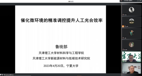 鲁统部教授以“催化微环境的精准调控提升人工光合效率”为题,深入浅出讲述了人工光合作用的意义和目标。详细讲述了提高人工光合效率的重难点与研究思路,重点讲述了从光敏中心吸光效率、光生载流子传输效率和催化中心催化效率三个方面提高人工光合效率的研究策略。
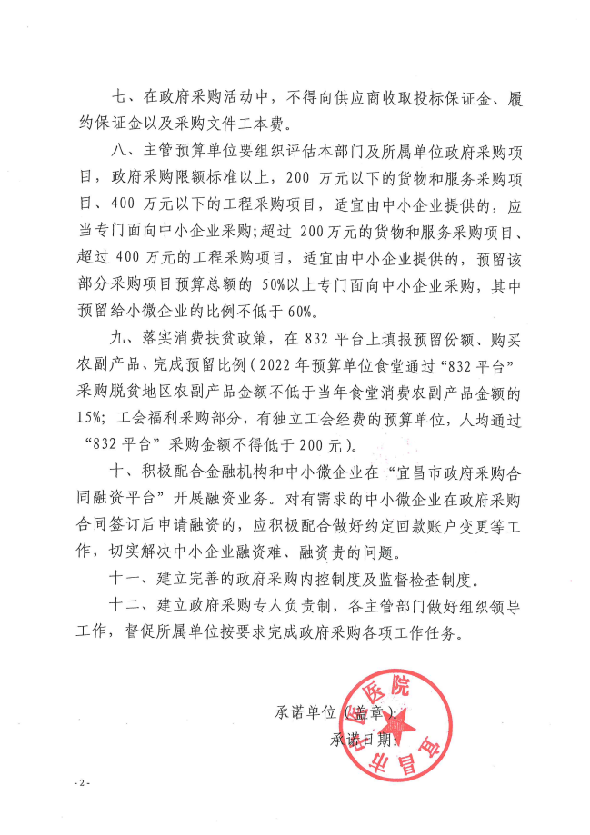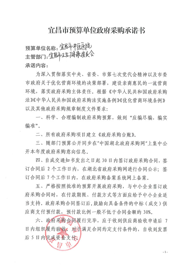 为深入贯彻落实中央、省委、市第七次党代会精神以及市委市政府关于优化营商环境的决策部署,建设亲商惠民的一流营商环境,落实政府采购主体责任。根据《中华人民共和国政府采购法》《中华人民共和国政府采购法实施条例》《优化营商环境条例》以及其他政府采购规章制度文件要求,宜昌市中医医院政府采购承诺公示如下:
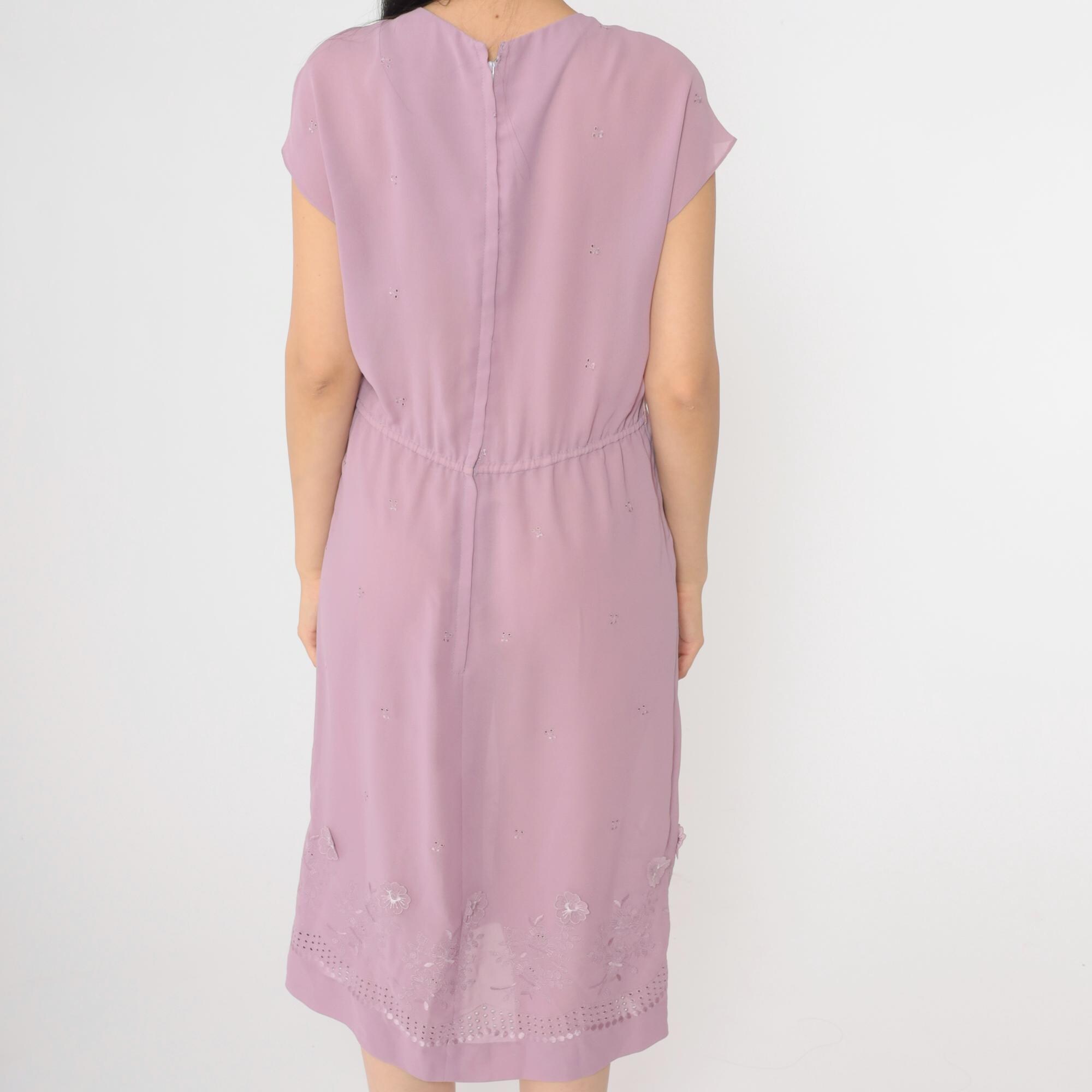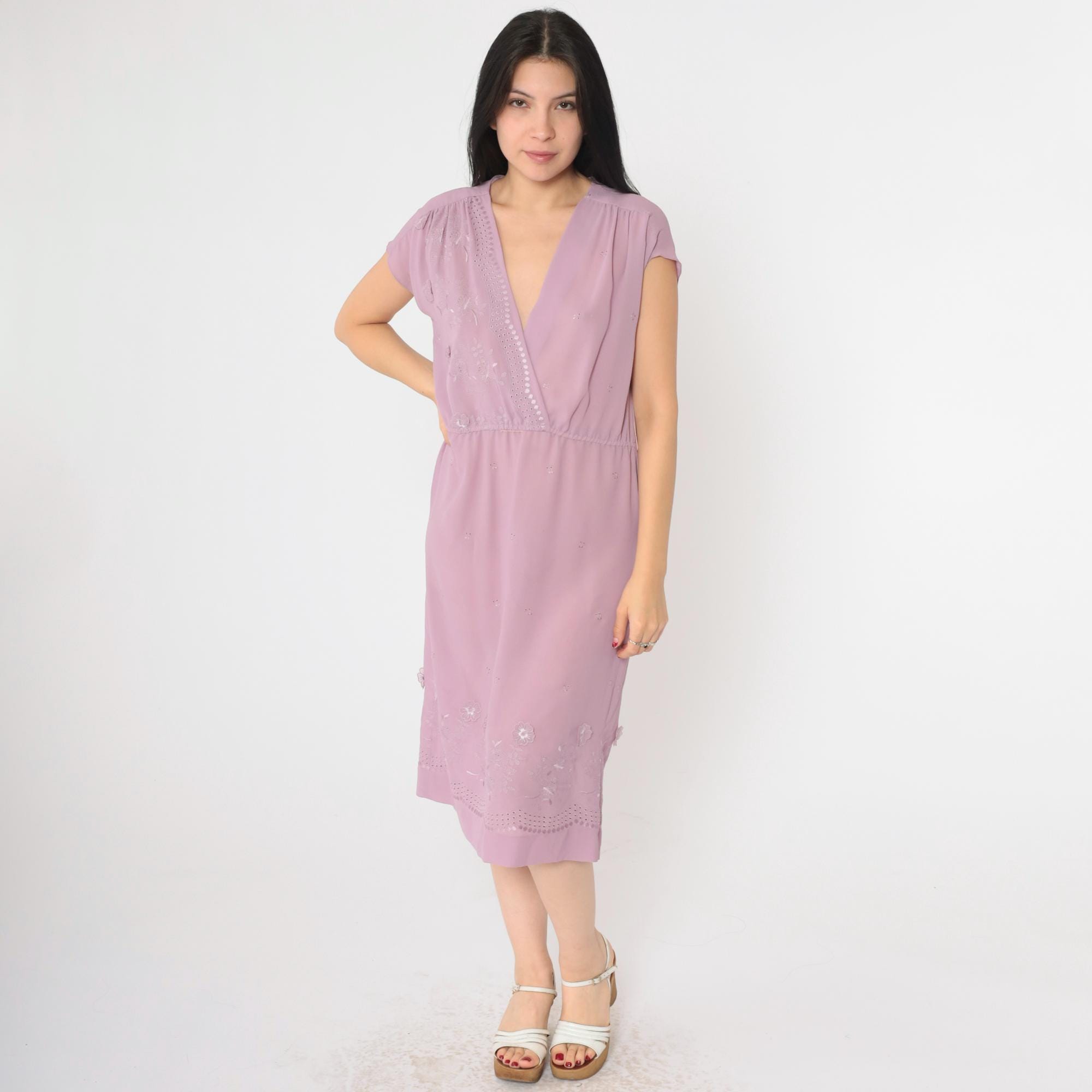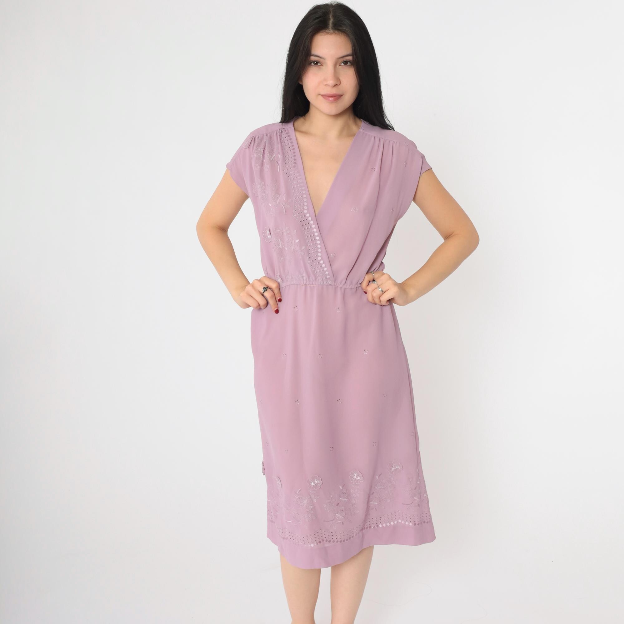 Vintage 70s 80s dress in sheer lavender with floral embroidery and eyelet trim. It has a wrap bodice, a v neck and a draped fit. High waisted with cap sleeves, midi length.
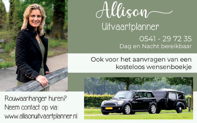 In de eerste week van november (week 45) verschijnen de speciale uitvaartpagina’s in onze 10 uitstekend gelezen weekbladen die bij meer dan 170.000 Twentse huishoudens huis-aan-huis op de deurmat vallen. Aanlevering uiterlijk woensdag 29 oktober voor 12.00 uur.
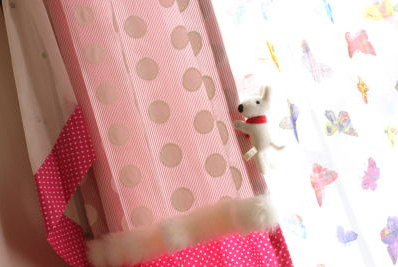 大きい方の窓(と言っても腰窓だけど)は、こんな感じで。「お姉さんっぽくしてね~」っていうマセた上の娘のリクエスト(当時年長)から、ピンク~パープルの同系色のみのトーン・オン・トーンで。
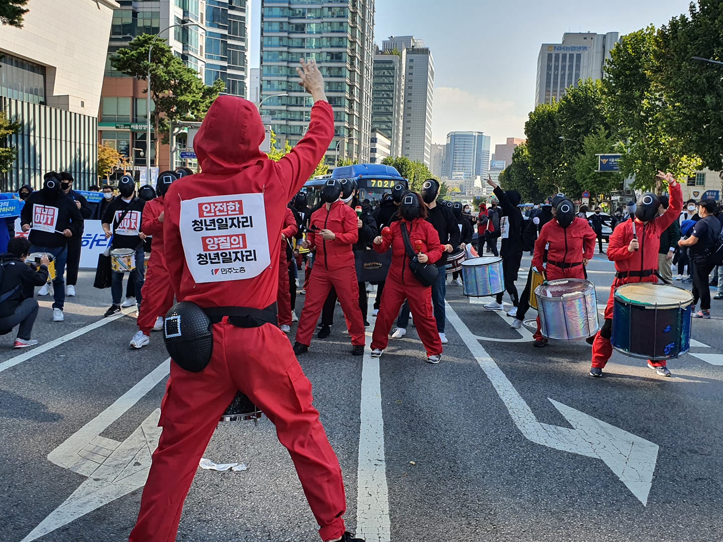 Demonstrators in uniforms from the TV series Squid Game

### Task details
All of the entries above must be reproduced exactly, and no image may be included.

### Response
 鲁统部教授以“催化微环境的精准调控提升人工光合效率”为题,深入浅出讲述了人工光合作用的意义和目标。详细讲述了提高人工光合效率的重难点与研究思路,重点讲述了从光敏中心吸光效率、光生载流子传输效率和催化中心催化效率三个方面提高人工光合效率的研究策略。
 为深入贯彻落实中央、省委、市第七次党代会精神以及市委市政府关于优化营商环境的决策部署,建设亲商惠民的一流营商环境,落实政府采购主体责任。根据《中华人民共和国政府采购法》《中华人民共和国政府采购法实施条例》《优化营商环境条例》以及其他政府采购规章制度文件要求,宜昌市中医医院政府采购承诺公示如下:
 Vintage 70s 80s dress in sheer lavender with floral embroidery and eyelet trim. It has a wrap bodice, a v neck and a draped fit. High waisted with cap sleeves, midi length.
 In de eerste week van november (week 45) verschijnen de speciale uitvaartpagina’s in onze 10 uitstekend gelezen weekbladen die bij meer dan 170.000 Twentse huishoudens huis-aan-huis op de deurmat vallen. Aanlevering uiterlijk woensdag 29 oktober voor 12.00 uur.
 大きい方の窓(と言っても腰窓だけど)は、こんな感じで。「お姉さんっぽくしてね~」っていうマセた上の娘のリクエスト(当時年長)から、ピンク~パープルの同系色のみのトーン・オン・トーンで。
 Demonstrators in uniforms from the TV series Squid Game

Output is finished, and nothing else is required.